**DATA SEGMENT**
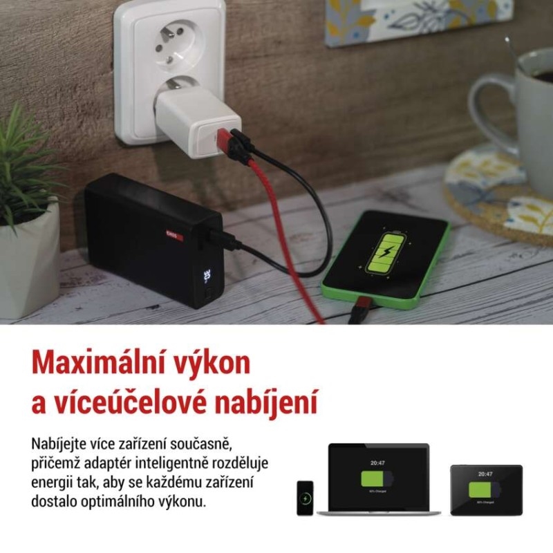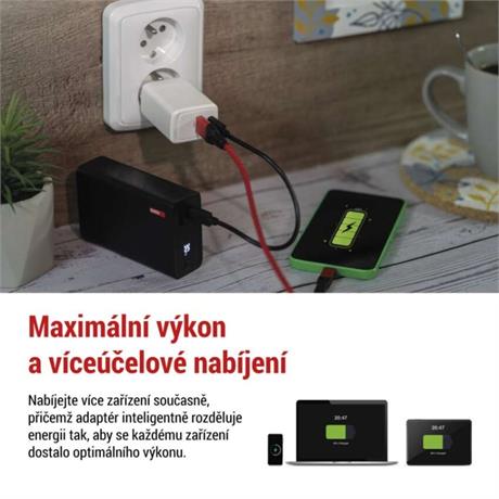 Díky pokročilé Power Delivery (PD) technologii můžete nabíjet kompatibilní zařízení několikanásobně rychleji než s běžnými adaptéry. Tento adaptér podporuje rychlé nabíjení nejen pro smartphony a tablety, ale i pro výkonné notebooky. S vysokým výstupním výkonem zajišťuje stabilní a efektivní přísun energie i pro nejnáročnější zařízení.
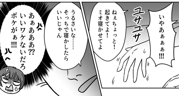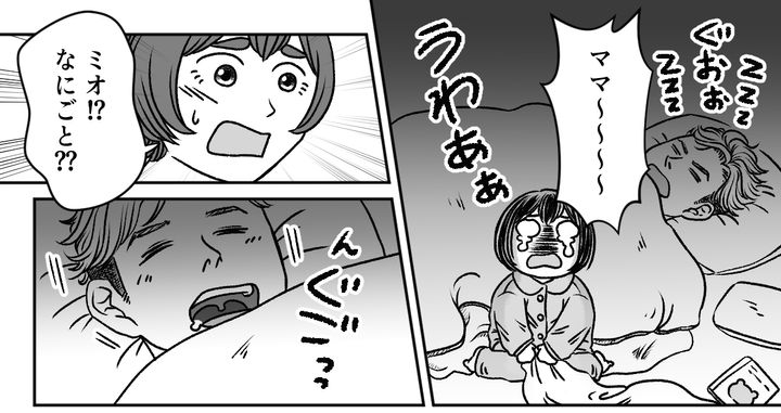 旦那は一日中寝たあと飲みに出かけたのに、ミオを寝かしつけるどころか自分が先に寝てしまいました。
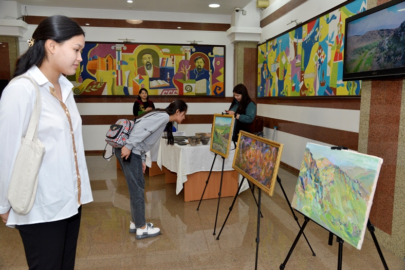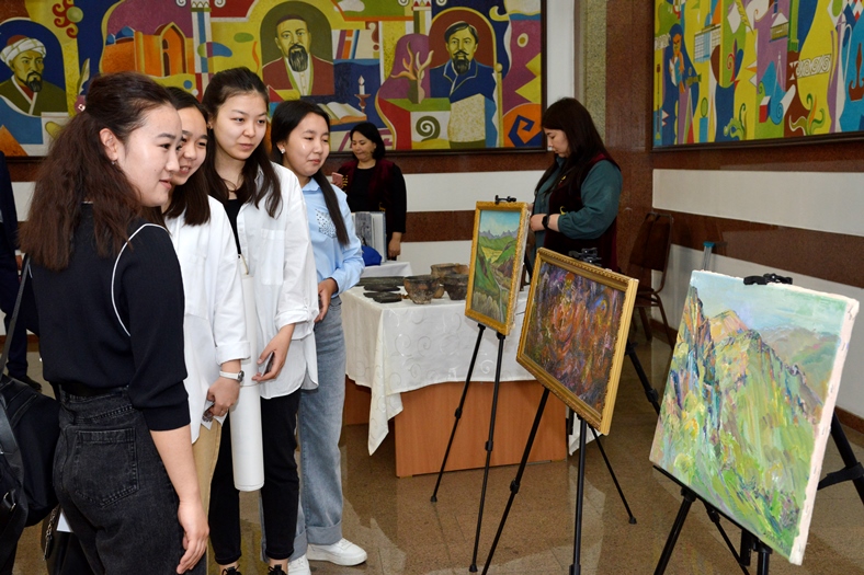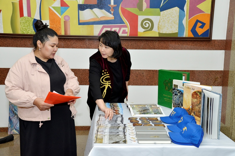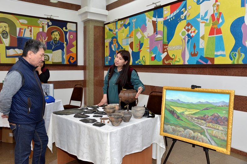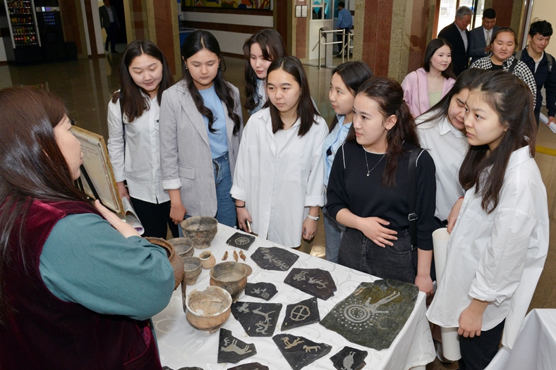 The exhibition was headed by the head of the research department of the museum-reserve «Tanbaly» K.Nurmaksutov, senior researcher K. Kalykbayeva and guide A. Orashova familiarized with the museum exhibits. In particular, within the framework of the traveling exhibition, teachers and students of this educational institution will be able to get acquainted with stone fragments of rock art «Tanbaly» in the open air, ceramic dishes found in archaeological excavations with the participation of employees of the Research Department of the museum in the territory of Zhambyl district of Almaty region, published monographs on rock art «Tanbaly», as well as various information booklets and so on.
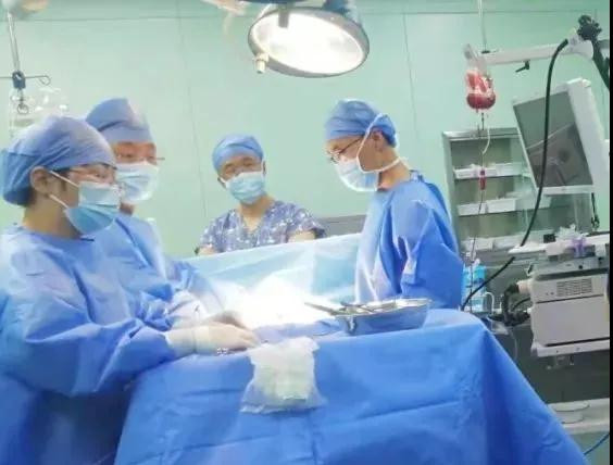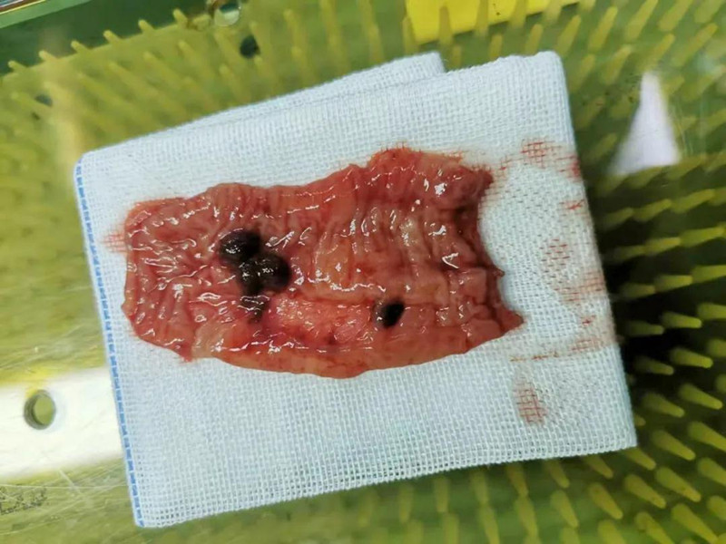 出血点范围探查到了,需要开腹探查准确位置,进一步手术治疗。麻醉师、手术室护士一一就位,密切配合。手术由普外科主任崔钊主刀,术中他反复仔细探查,不放过任何一个可能。时间在一点点流逝,手术室外的家长在煎熬,手术室内儿医团队在努力奋战。经过反复多次探查,终于,无影灯下,那薄薄的肠壁内膜上显现出隐匿的出血点。崔钊主任实施肠切除肠吻合手术,切除息肉。

**BRIEF**
Repeat the listing word for word. Leave images out.

**RESPONSE AREA**
 Díky pokročilé Power Delivery (PD) technologii můžete nabíjet kompatibilní zařízení několikanásobně rychleji než s běžnými adaptéry. Tento adaptér podporuje rychlé nabíjení nejen pro smartphony a tablety, ale i pro výkonné notebooky. S vysokým výstupním výkonem zajišťuje stabilní a efektivní přísun energie i pro nejnáročnější zařízení.
 旦那は一日中寝たあと飲みに出かけたのに、ミオを寝かしつけるどころか自分が先に寝てしまいました。
 The exhibition was headed by the head of the research department of the museum-reserve «Tanbaly» K.Nurmaksutov, senior researcher K. Kalykbayeva and guide A. Orashova familiarized with the museum exhibits. In particular, within the framework of the traveling exhibition, teachers and students of this educational institution will be able to get acquainted with stone fragments of rock art «Tanbaly» in the open air, ceramic dishes found in archaeological excavations with the participation of employees of the Research Department of the museum in the territory of Zhambyl district of Almaty region, published monographs on rock art «Tanbaly», as well as various information booklets and so on.
 出血点范围探查到了,需要开腹探查准确位置,进一步手术治疗。麻醉师、手术室护士一一就位,密切配合。手术由普外科主任崔钊主刀,术中他反复仔细探查,不放过任何一个可能。时间在一点点流逝,手术室外的家长在煎熬,手术室内儿医团队在努力奋战。经过反复多次探查,终于,无影灯下,那薄薄的肠壁内膜上显现出隐匿的出血点。崔钊主任实施肠切除肠吻合手术,切除息肉。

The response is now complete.